> _Description of the task_:
Pull out from the material below all lines with "النبي".

> _Provided records_:

>>>>

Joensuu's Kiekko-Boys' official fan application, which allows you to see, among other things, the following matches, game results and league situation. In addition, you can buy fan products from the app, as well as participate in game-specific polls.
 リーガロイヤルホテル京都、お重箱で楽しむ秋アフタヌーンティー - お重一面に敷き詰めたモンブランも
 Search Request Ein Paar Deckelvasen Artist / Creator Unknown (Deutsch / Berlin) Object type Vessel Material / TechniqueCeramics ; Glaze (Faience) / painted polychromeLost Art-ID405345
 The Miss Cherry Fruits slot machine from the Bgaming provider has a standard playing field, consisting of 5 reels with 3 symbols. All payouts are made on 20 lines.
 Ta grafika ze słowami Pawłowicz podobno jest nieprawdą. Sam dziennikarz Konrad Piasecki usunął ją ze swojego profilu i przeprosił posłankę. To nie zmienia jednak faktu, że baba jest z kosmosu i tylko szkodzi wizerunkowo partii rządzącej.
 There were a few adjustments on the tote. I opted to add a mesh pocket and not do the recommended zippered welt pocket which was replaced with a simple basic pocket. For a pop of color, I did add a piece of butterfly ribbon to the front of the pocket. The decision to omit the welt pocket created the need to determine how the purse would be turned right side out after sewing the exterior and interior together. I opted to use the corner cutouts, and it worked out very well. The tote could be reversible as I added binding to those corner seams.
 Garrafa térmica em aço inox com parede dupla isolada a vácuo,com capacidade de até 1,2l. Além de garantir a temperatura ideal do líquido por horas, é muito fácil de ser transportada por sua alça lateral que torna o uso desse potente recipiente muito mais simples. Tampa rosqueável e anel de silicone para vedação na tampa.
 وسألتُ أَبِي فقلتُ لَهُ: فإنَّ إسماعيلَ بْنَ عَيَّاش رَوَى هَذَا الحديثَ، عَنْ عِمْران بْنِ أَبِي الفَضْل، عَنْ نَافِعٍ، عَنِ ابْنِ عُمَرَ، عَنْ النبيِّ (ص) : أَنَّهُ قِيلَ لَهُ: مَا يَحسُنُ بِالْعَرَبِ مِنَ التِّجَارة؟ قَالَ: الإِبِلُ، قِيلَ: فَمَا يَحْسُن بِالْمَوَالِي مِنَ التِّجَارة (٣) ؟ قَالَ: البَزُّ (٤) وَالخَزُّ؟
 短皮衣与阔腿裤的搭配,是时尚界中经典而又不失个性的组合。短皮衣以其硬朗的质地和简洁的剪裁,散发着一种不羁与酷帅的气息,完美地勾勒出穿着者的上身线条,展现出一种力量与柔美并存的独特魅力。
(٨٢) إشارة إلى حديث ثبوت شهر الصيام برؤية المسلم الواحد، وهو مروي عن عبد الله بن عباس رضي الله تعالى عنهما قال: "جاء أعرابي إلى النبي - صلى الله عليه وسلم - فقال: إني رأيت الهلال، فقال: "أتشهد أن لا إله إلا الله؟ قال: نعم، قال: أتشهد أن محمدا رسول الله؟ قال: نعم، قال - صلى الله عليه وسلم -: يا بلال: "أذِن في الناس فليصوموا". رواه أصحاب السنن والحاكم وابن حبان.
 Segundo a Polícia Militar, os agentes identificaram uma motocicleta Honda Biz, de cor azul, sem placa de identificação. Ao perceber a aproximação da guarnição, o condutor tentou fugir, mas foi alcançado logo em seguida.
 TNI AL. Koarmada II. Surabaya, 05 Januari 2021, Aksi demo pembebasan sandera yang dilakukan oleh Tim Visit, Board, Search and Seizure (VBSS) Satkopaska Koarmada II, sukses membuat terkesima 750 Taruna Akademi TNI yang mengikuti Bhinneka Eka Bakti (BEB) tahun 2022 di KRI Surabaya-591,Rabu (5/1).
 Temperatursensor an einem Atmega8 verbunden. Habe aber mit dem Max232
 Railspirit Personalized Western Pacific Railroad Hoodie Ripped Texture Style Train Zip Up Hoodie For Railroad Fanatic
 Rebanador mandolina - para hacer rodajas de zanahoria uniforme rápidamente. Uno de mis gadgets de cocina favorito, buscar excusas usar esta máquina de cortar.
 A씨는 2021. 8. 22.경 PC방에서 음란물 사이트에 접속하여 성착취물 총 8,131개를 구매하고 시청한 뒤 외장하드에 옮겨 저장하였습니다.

<<<<

> _Reply to the task_:
 وسألتُ أَبِي فقلتُ لَهُ: فإنَّ إسماعيلَ بْنَ عَيَّاش رَوَى هَذَا الحديثَ، عَنْ عِمْران بْنِ أَبِي الفَضْل، عَنْ نَافِعٍ، عَنِ ابْنِ عُمَرَ، عَنْ النبيِّ (ص) : أَنَّهُ قِيلَ لَهُ: مَا يَحسُنُ بِالْعَرَبِ مِنَ التِّجَارة؟ قَالَ: الإِبِلُ، قِيلَ: فَمَا يَحْسُن بِالْمَوَالِي مِنَ التِّجَارة (٣) ؟ قَالَ: البَزُّ (٤) وَالخَزُّ؟
(٨٢) إشارة إلى حديث ثبوت شهر الصيام برؤية المسلم الواحد، وهو مروي عن عبد الله بن عباس رضي الله تعالى عنهما قال: "جاء أعرابي إلى النبي - صلى الله عليه وسلم - فقال: إني رأيت الهلال، فقال: "أتشهد أن لا إله إلا الله؟ قال: نعم، قال: أتشهد أن محمدا رسول الله؟ قال: نعم، قال - صلى الله عليه وسلم -: يا بلال: "أذِن في الناس فليصوموا". رواه أصحاب السنن والحاكم وابن حبان.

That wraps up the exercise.